Department of Early Discovery Biochemistry, Genentech Inc., South San Francisco, CA 94080, USA; Department of Discovery Chemistry, Genentech Inc., South San Francisco, CA 94080, USA.
Department of Structural Biology, Genentech Inc., South San Francisco, CA 94080, USA.
Structure. 2018 Jan 2;26(1):72-84.e7. doi: 10.1016/j.str.2017.11.010. Epub 2017 Dec 14.

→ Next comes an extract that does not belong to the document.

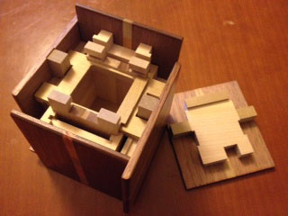 It’s called Secret Box, from the same designers of the Karakuri Boxes. All 6 plates move in this new Secret Box and it takes 6 moves to be opened! 🙂

Ubiquitin-specific protease 7 (USP7) deubiquitinase activity is controlled by a number of regulatory factors, including stimulation by intramolecular accessory domains. Alone, the USP7 catalytic domain (USP7cd) shows limited activity and apo USP7cd crystal structures reveal a disrupted catalytic triad. By contrast, ubiquitin-conjugated USP7cd structures demonstrate the canonical cysteine protease active-site geometry; however, the structural features of the USP7cd that stabilize the inactive conformation and the mechanism of transition between inactive and active states remain unclear. Here we use comparative structural analyses, molecular dynamics simulations, and in silico sequence re-engineering via directed sampling by RosettaDesign to identify key molecular determinants of USP7cd activation and successfully engineer USP7cd for improved activity. Full kinetic analysis and multiple X-ray crystal structures of our designs indicate that electrostatic interactions in the distal "switching loop" region and local packing in the hydrophobic core mediate subtle but significant conformational changes that modulate USP7cd activation.
泛素特异性蛋白酶 7(USP7)去泛素化酶活性受到许多调节因子的控制,包括分子内辅助结构域的刺激。单独的 USP7 催化结构域(USP7cd)显示出有限的活性,而无辅因子的 USP7cd 晶体结构显示出破坏的催化三联体。相比之下,连接有泛素的 USP7cd 结构表现出典型的半胱氨酸蛋白酶活性位点几何形状;然而,稳定非活性构象的 USP7cd 的结构特征以及在非活性和活性状态之间转变的机制仍不清楚。在这里,我们使用比较结构分析、分子动力学模拟以及通过 RosettaDesign 的定向采样进行的计算序列重新设计,来确定 USP7cd 激活的关键分子决定因素,并成功设计出用于提高活性的 USP7cd。我们的设计的完整动力学分析和多个 X 射线晶体结构表明,远端“开关环”区域的静电相互作用和疏水区的局部堆积介导了微妙但显著的构象变化,从而调节 USP7cd 的激活。